Sebuah protes atas serangan terhadap perempuan di dekat Lapangan Tahrir Kairo selama perayaan pelantikan Presiden Abdel Fattah al Sisi pada tahun 2014 mendorong undang-undang baru yang menghukum pelecehan seksual dengan setidaknya enam bulan penjara.
Melihat hukuman di bawah undang-undang ini secara bertahap mendorong masyarakat untuk lebih bersimpati kepada para korban, kata Elawady.
Privasi
Kantor penuntutan publik Mesir mengatakan bahwa pria yang ditargetkan oleh akun Instagram The Assault’s Police ditahan selama 15 hari sementara mereka menyelidiki tuduhan yang dibuat oleh empat wanita, satu di bawah usia 18 tahun.
Aktivis hak-hak perempuan mengatakan, perempuan Mesir sekarang menemukan suara mereka karena mereka melihat sistem hukum melindungi identitas mereka.
“Dengan penuntutan publik melindungi hak para gadis untuk privasi data mereka, mereka didorong untuk pergi dan bersaksi,” kata Nehad Abul Komsan, direktur Pusat Hak-Hak Perempuan Mesir, sebuah kelompok advokasi.
“Ini juga akan mendorong gadis-gadis lain dan akan membuka jalan bagi kasus pelecehan seksual lainnya terungkap.”
Dewan Nasional untuk Perempuan pemerintah mengatakan pada hari Selasa bahwa mereka telah menerima 400 pengaduan dan pertanyaan tentang kekerasan terhadap perempuan dari 1 hingga 5 Juli.
Otoritas ulama Islam terkemuka di negara itu, Al Azhar juga mendorong perempuan untuk melaporkan insiden, dengan mengatakan bahwa keheningan merupakan ancaman bagi masyarakat dan menyebabkan lebih banyak pelanggaran.
Bangga
Meskipun telah dijauhi oleh keluarganya karena menuduh ayahnya melakukan pelecehan terhadapnya, wartawan Mesir-Amerika Reem Abdellatif bergabung dengan kampanye online dalam sebuah pesan video tentang dorongan bagi wanita untuk berbagi cerita mereka.

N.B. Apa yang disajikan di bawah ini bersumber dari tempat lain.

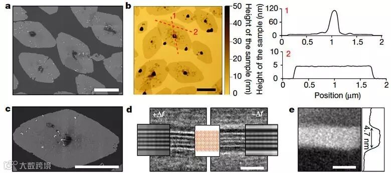 通过高分辨率的电子显微镜可以发现,生长的外延部分厚度要比晶种附近薄一些,但是随着生长的进行,纳米片整体厚度变得均匀。纳米片的最终厚度约为5纳米,差不多是2.5个b轴晶胞的尺寸。

“Fakta bahwa gadis-gadis ini berbicara sekeras ini dengan momentum semacam ini, saya belum pernah melihatnya,” katanya melalui telepon dari Belanda di mana dia saat ini berbasis.

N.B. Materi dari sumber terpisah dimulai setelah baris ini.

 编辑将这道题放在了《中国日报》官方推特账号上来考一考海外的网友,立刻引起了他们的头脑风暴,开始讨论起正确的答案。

“Dan bukan hanya orang ini. Seperti yang saya katakan di video saya, dia hanya simbol untuk apa yang harus kita tangani selama beberapa dekade.”
Ada beberapa reaksi di media sosial, dengan beberapa menyebut para penuduh pembohong dan orang-orang munafik dan yang lainnya mengatakan wanita yang dibesarkan dengan baik harus tahu cara berpakaian yang pantas.
Tetapi sebagian besar komentar mendukung, dengan banyak menggunakan tagar #MeToo – yang digunakan untuk mengungkapkan kesalahan seksual oleh orang-orang kuat, termasuk mantan produser film Harvey Weinstein – untuk menyoroti isu tabu tentang pelecehan seksual di Mesir.
“Saya sangat bangga dengan generasi baru ini yang angkat bicara. Pelecehan dan pemerkosaan memalukan bagi mereka yang melakukannya, bukan korban,” sebagimana ditweetkan oleh aktris dan pengacara Tunisia yang berpusat di Kairo, Hend Sabry.